This is the hardest problem, I think. Some "out-of-network" routes to market I
can think of are cold calling, cold emailing, cold snail mail (FedEx, USPS,
etc), cold LinkedIn "inmailing," participating in conferences (getting speaker
spots and/or setting up booth), blogging, "ShowHN" style posts on online
forums, advertising on search engines, advertising in industry publications,
getting referrals from your investors (if you have investors) ... am I missing
any? For every one one of these "hacks," you can find people saying that it
doesn't work, that it's waste of time/money, that you should spend resourcing
on building product instead, etc. Have YC companies succeeded in the earliest
stage through these kinds of efforts? Are some more effective than others, for
particular markets?

If it really is all just about personal network in the earliest stages, then
that's equally puzzling to me because the numbers seem so low - how many
prospective buyers could anyone possibly have in their personal network? Isn't
it supposed to be a numbers game ("dial and smile")? It would take just a day
or two to contact everyone you know who might be a buyer, what do you do after
that?

The investor referrals idea seems like a plausible source of B2B startup
success (especially if you are selling to other startups), since investors
tend to be highly connected. I've heard YC partners say they can be very
helpful in sourcing of your early customers.
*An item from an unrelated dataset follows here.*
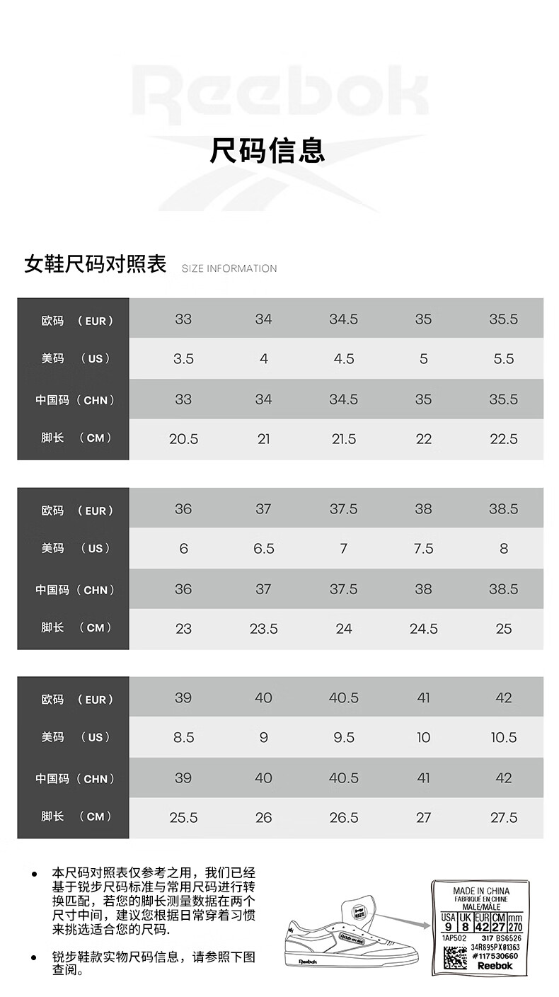 China (cm) 36 - 37 38 - 39 40 - 42 43 - 44 45 - 47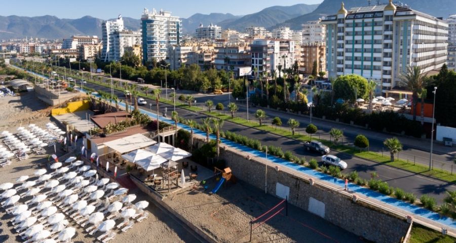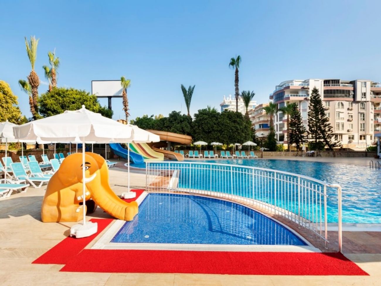 Намира се на 135 км от летище Анталия, на 140 км от центъра на Анталия, на 12 км от центъра на Алания, на 50 м от плажа. Обща площ на хотела 13.100 м2.

But another philosophy is that
the only way to get into YC is to not _need_ YC ... In other words, this leads
to a chicken & egg problem because typically you need to get sales off the
ground before any investor (often including YC) will invest in your company.
It's the same as saying that you should get sales leads through customer
referrals - that might not be super useful advice if you're pounding pavement
to find your first handful of customers.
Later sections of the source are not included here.